Investing in the hearts and minds of our children and their families to promote health and self-sufficiency, and faithfully extending the hand of hope and opportunity to empower the needy, uplift our target neighborhoods and the larger community, and brighten the future for us all.
Operation Shoestring was founded in 1968 in the basement of Wells United Methodist Church, as a response to the turbulence of the 1960s and the growing divisions in our city and state. As early director Nancy Gilbert put it, “It was a difficult time in our state, and especially here in Jackson. But many people of good will wanted to do something to reach across racial lines, and to show that their religious and spiritual lives impelled them to work towards racial harmony. That is how their religion manifested itself.”*
“There was thus a dovetailing of the times in Jackson,” continues Gilbert, “with the critical needs of the community and the efforts of a wonderful pastor named Russell Gilbert [no relation to Nancy].” The Bailey Avenue neighborhood was in transition, moving from white working class families to mostly black families who had moved from the Delta looking for work.

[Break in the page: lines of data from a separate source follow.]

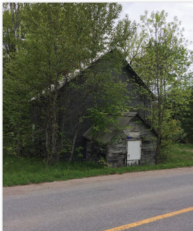
Loyal Orange Lodge N° 46, Bristol, collection personnelle, Wes Darou, juin 2018.

Située au 17, chemin Shouldice, à La Pêche, cette loge est décrite dans une masse de documents du fonds D' Stuart Geggie, au Centre régional d'archives de l'Outaouais 26 . Cette bâtisse servait aussi d'école, donc il y a deux portes, une était pour les filles et l'autre pour les garçons. Aujourd'hui, elle aussi est une résidence.
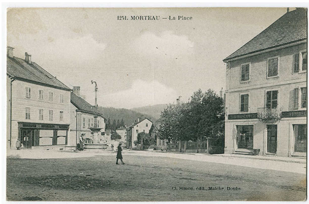
1251. Morteau - La place [Carnot], 1er quart 20e siècle.
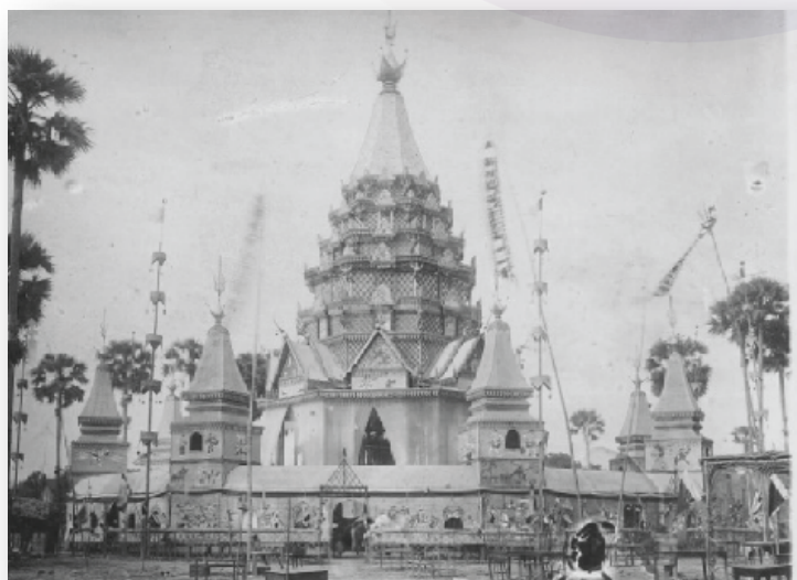
រូបទី៦ មេនបូជាសពតំបន់អង្គរ (រូបថត)

Russell Gilbert contacted Methodists and members of other denominations who wanted to promote racial harmony and do something for our community during those times. Shoestring was thus born mostly out of Russell’s work.”
The Fund for Reconciliation was thus sponsored by the Mississippi Methodist Conference, and Operation Shoestring was its first major project. Centered in the area around Bailey Avenue, and headquartered in the basement of Wells Memorial United Methodist Church, Shoestring very quickly began to fill critical needs in the community.

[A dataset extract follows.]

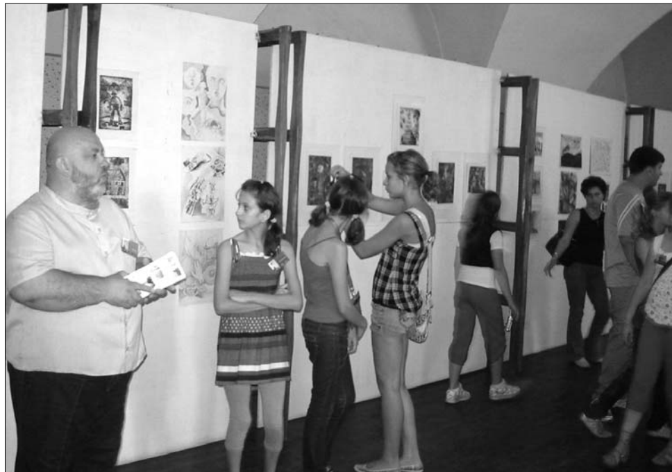
Az idei ifjúsági táborlakók az előző évek terméseivel is megismerkedhettek

lesznek, az oktatók közül Alexandru Juga a bizánci, és ennek vetületében az ortodox ikonfestészet rejtelmibe kalauzolja el a résztvevőket. A tanulás mellett a táborlakók kirándulhatnak is, ismerkedhetnek a környékkel, annak kultúrájával, illetve a nagyenyedi és torockói közösségekkel. A táborban szerzett élményeket július 18-án, az Inter-Art Alapítvány galériájában, záró kiállításon tárják majd a kíváncsiak elé. ◀

Within a year of its opening, Shoestring offered such services as a medical clinic for children and adults, tutorial service, food stamp assistance, an emergency loan fund, a thrift shop, a school lunch program, and more… all on an operating budget of only $600 per month!

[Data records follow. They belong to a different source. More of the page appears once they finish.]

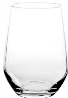
Highball tumbler / Highball Becher / Gobelet Highball / Vaso Highball / Bicchiere Highball
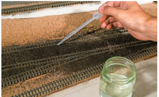
Der Schotter wird mit entspanntem Wasser befeuchtet ...
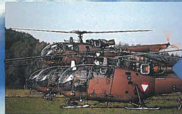
Das Österreichische Bundesheer (hier mit Alouette III Hubschraubern) darf natürlich nicht fehlen.

This was all possible only through the work of a regular corps of 36 volunteers, as well as the dedication of Nancy Gilbert and the staff of Wells (led by the Reverend Keith Tonkel, who succeeded Russell Gilbert and still presides at Wells). With faith, love and action, Shoestring empowered the neighborhood and rallied the community at large. The scope of our work has grown over the years, but the vision remains the same – love your neighbor as yourself, and act on that love.
Today, Operation Shoestring works as an interfaith ministry with support from a variety of individual and corporate funders, local congregations and several public entities. Our programs and services promote health and self-sufficiency in our target neighborhoods, uplifting the needy and brightening the future for us all…especially our children.
*From the Mississippi Methodist Advocate, 11/8/1969.